Por Flavio Luis Vieira Souza 

Em sessão finalizada em 27/02/2021 foi reconhecido pelo STF que é incompatível com a Constituição Federal a exigência de cadastro em órgão da Administração municipal, de empresas prestadoras de serviços não estabelecidas no território do Município e imposição ao tomador de efetuar a retenção do Imposto Sobre Serviços – ISS quando descumprida tal obrigação acessória, julgamento sob a égide da repercussão geral que analisou a inconstitucionalidade do artigo 9º caput e §2º da Lei nº 13.701/2003 do município de São Paulo, que atribuiu ao tomador de serviço a responsabilidade pela retenção e recolhimento do ISS de empresas prestadoras de serviços de outros municípios não cadastradas.

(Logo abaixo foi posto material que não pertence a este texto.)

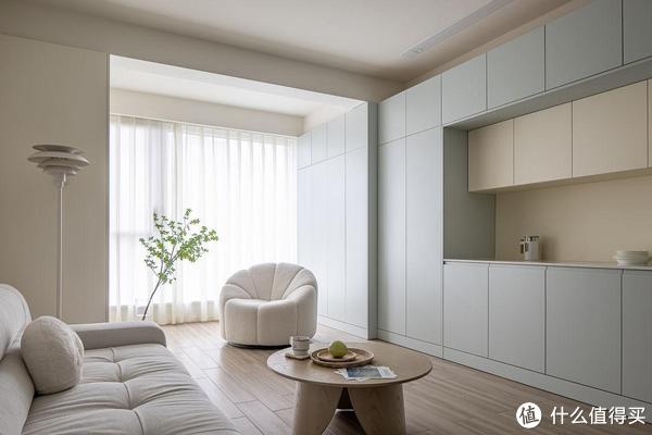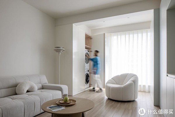 阳台纳入客厅,并不意味着空间上的浪费。沙发一侧设计一组储物柜,除了收纳之外,还将洗衣机和烘干机隐藏在内,保持空间整洁与美观。灵活的单人沙发,可以随时移动,享受休闲时光。
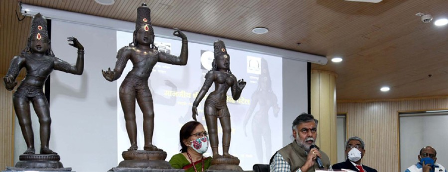 नई दिल्ली। केंद्रीय संस्कृति और पर्यटन स्वतंत्र प्रभार राज्यमंत्री प्रह्लाद सिंह पटेल ने भारतीय पुरातत्व सर्वेक्षण मुख्यालय धरोहर भवन नई दिल्ली में एक कार्यक्रम में तमिलनाडु सरकार की मूर्ति शाखा को भगवान श्रीराम, लक्ष्मण और देवी सीता की कांस्य मूर्तियां सौंपी। इससे पहले 15 सितंबर 2020 को लंदन में वहां की मेट्रोपॉलिटन पुलिस ने ये कांस्य मूर्तियां भारतीय उच्चायोग को सौंपी थीं। वर्ष 1958 में किए गए फोटो प्रलेखन के अनुसार ये मूर्तियां तमिलनाडु के नागपट्टिनम जिले के आनंदमंगलम में श्री राजगोपाल विष्णु मंदिर (विजयनगर काल में निर्मित मंदिर) की हैं। तमिलनाडु पुलिस की मूर्ति शाखा की जांच के अनुसार ये मूर्तियां 23/24 नवंबर 1978 को श्री राजगोपाल विष्णु मंदिर से चुराई गई थीं। ये कांस्य मूर्तियां भारतीय धातु कला की उत्कृष्ट कृतियां हैं और इनकी लंबाई क्रमशः 90.5 सेंटीमीटर, 78 सेंटीमीटर और 74.5 सेंटीमीटर है। शैली के हिसाब से ये मूर्तियां 13वीं शताब्दी ईस्वी पूर्व की हैं।

Embora a decisão tenha avaliado a legislação que criou o CPOM paulistano, abre importante precedente em relação à normas semelhantes que existem em mais de 70 municípios, como o Rio de Janeiro, onde denomina-se Cadastro de Empresas Prestadoras de Outros Municípios – CEPOM, assim como em outras localidades com denominações como CENE, DANFOM, DANFS-e, DSR, RANFS. Denominações diferentes, mas objetivos em comum, qual seja, a redução das perdas provocadas pela guerra fiscal, que estimulam o deslocamento de empresas por meio da redução da alíquota do ISS, situação que pode ensejar muitos procedimentos de planejamento tributário.

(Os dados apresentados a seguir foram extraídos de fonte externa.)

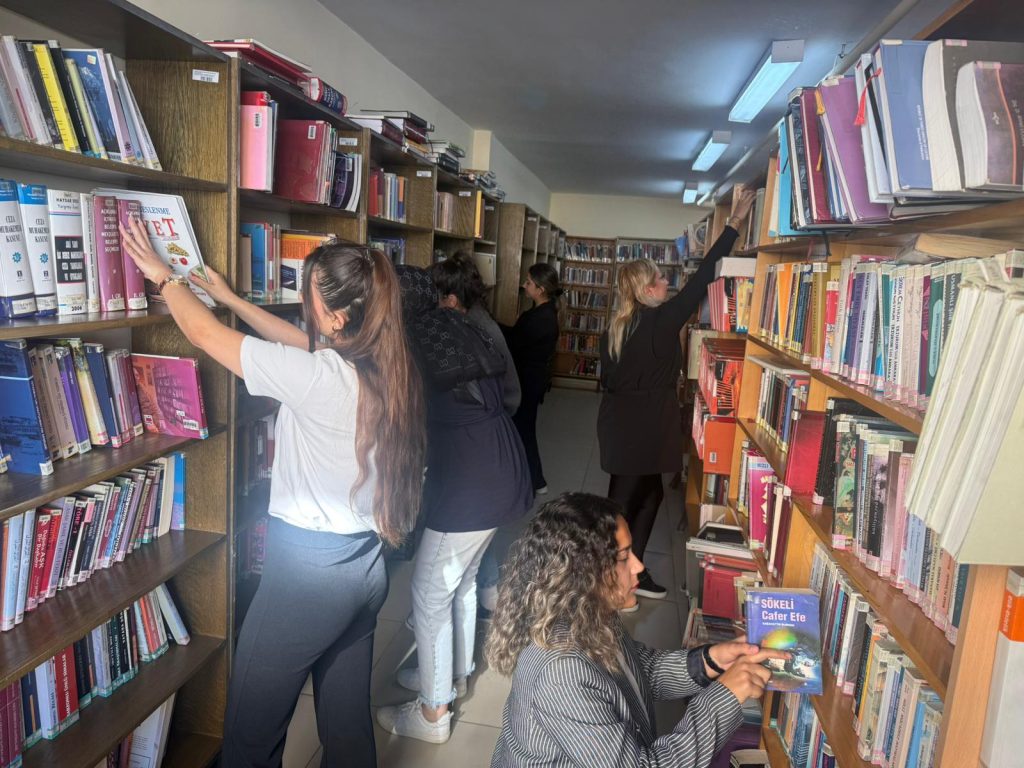 Etkinlikte öğrenciler, kütüphane raflarını düzenledi, kitapların sınıflandırılmasına destek oldu ve kütüphane ortamının daha düzenli ve erişilebilir hale gelmesi için gönüllü olarak çalıştı.
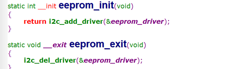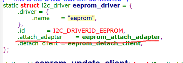 static struct i2c_driver eeprom_driver = { .driver = { .name = "eeprom", //名称 }, .id = I2C_DRIVERID_EEPROM, //IIC设备标识ID .attach_adapter = eeprom_attach_adapter, //用来与总线驱动的适配器匹配,匹配成功添加到适配器adapter中 .detach_client = eeprom_detach_client, //与总线驱动的适配器解绑,分离这个IIC从设备 };
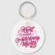 Keychain is shown with a art print of Breast Cancer Awareness.

Estas normas propagaram-se no auge da guerra fiscal entre municípios, onde os incentivos concedidos por municípios economicamente menores, proporcionavam uma redução significativa do ISS, não apenas pela alíquota menor, mas em algumas situações a alíquota reduzida era aplicada em concomitância com a concessão de reduções de base de cálculo, que resultava indiretamente, em carga tributária menor que a alíquota mínima estabelecida pela Lei Complementar nº 116/2003 (2%), situação expressamente vedada a partir da publicação da Lei complementar 157/2016, que repute como nula qualquer Lei que conceda estas benesses tributárias.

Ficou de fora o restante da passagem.